In 1884, the county members were the octogenarian C.R.M. Talbot, who had served since 1830 and the Swansea industrialist, Hussey Vivian, first elected in 1857. In 1885, all ten of the Glamorgan seats were captured by the Liberal Party and this election represented the triumph of the nonconformist middle classes. However, the political representation of Glamorgan was transformed between 1884 and 1922. By 1922, the county was represented by eleven Labour MPs. The transformation commenced with the Redistribution of Seats Act 1885. Glamorganshire was split from its two Members of Parliament to five, with the creation of constituencies for East, Mid and South Glamorganshire, Gower and Rhondda. An additional Swansea Town constituency was created, distinct from Swansea District but the Cardiff constituency remained unchanged, and with over 85,000 inhabitants became the largest single-member constituency in the United Kingdom. At this election, all ten members returned for Glamorgan were Liberals, an event which marked the ascendancy of the nonconformist middle-class as a powerful political force. Although most of these seats now had the working-class electorate in a majority they were safe for the Liberals as long as the labour element remained in the Liberal fold.

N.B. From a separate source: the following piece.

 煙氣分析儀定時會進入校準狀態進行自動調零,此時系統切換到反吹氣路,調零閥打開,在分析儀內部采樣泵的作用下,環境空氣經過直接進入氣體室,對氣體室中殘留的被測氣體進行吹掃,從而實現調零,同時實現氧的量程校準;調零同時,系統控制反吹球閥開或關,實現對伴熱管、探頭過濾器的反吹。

An administrative county of Glamorgan was created under the Local Government Act 1888, excluding Swansea and Cardiff, which became independent county boroughs. In 1908, county borough status was also granted to Merthyr Tydfil, despite protests from the southern part of the borough, where it was claimed that links were stronger with Pontypridd. In 1935, a Royal Commission argued that Merthyr Tydfil County Borough, then heavily burdened by the cost of maintaining many unemployed people, should be abolished and merged with Glamorgan. The county council refused the proposal.

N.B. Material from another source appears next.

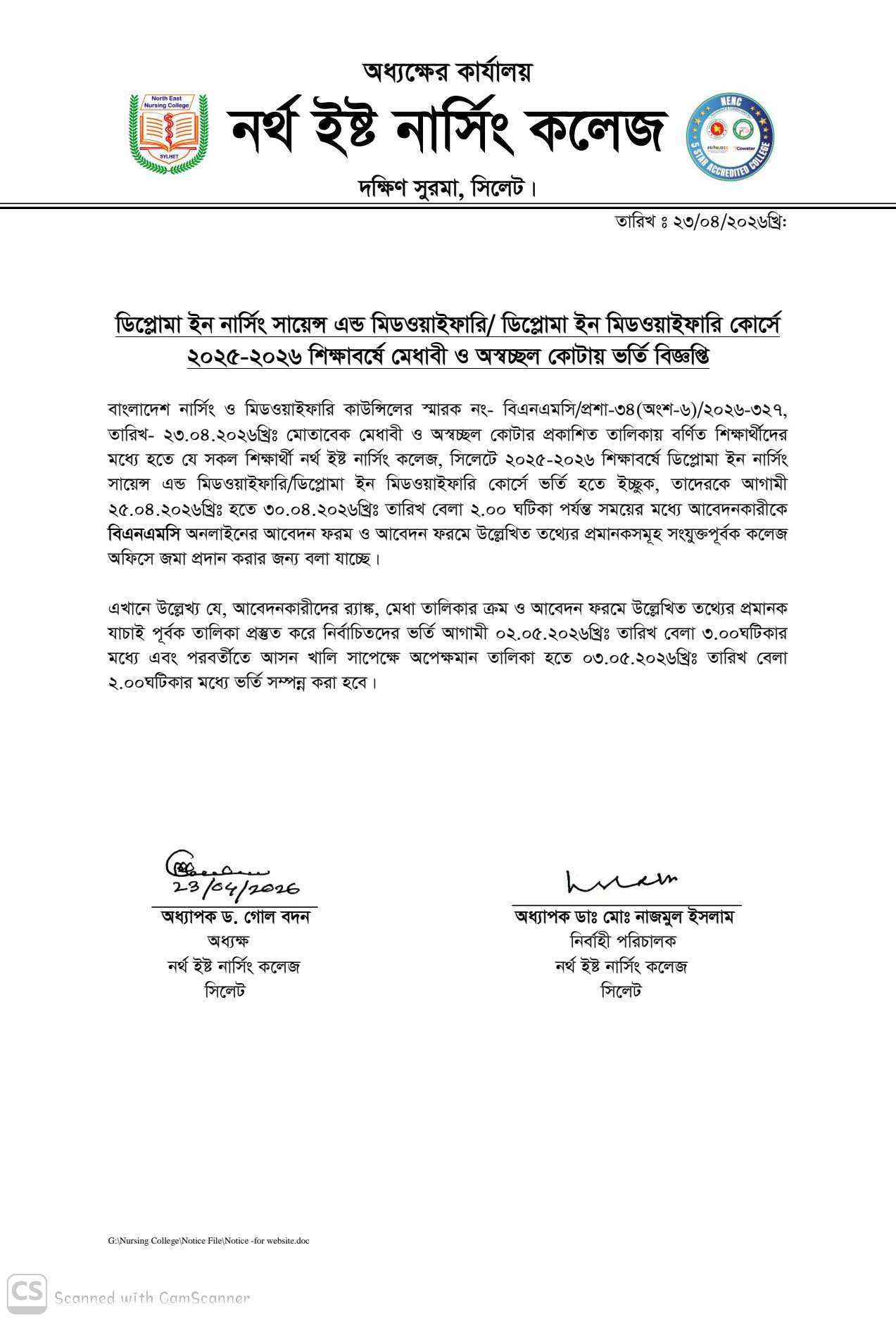 ডিপ্লোমা ইন নার্সিং সায়েন্স এন্ড মিডওয়াইফারি/ ডিপ্লোমা ইন মিডওয়াইফারি কোর্সে ২০২৫-২০২৬ শিক্ষাবর্ষে মেধাবী ও অস্বচ্ছল কোটায় ভর্তি বিজ্ঞপ্তি

The first chairman of the County Council was Henry Vivian, 1st Baron Swansea. The county council's coat of arms, granted in 1950, was: Or, three chevronels gules between as many Tudor roses barbed and seeded proper. The red chevronels on a gold shield were the arms of the De Clare Marcher Lords, while the roses recorded the shiring of Glamorgan by Henry VIII. The crest above the shield was a Welsh dragon rising from flames, symbolising the revival of the county's industry following a period of economic depression. The dragon supported a flag bearing a clarion from the arms of the De Granville family, lords of Neath. The supporters of the arms were a coalminer and a steel worker. The motto adopted by the county council: A Ddioddefws A Orfu or 'He Who suffered, conquered' was that of the lineage of Iestyn ap Gwrgant, and was considered appropriate to an area whose wealth depended on great hardship.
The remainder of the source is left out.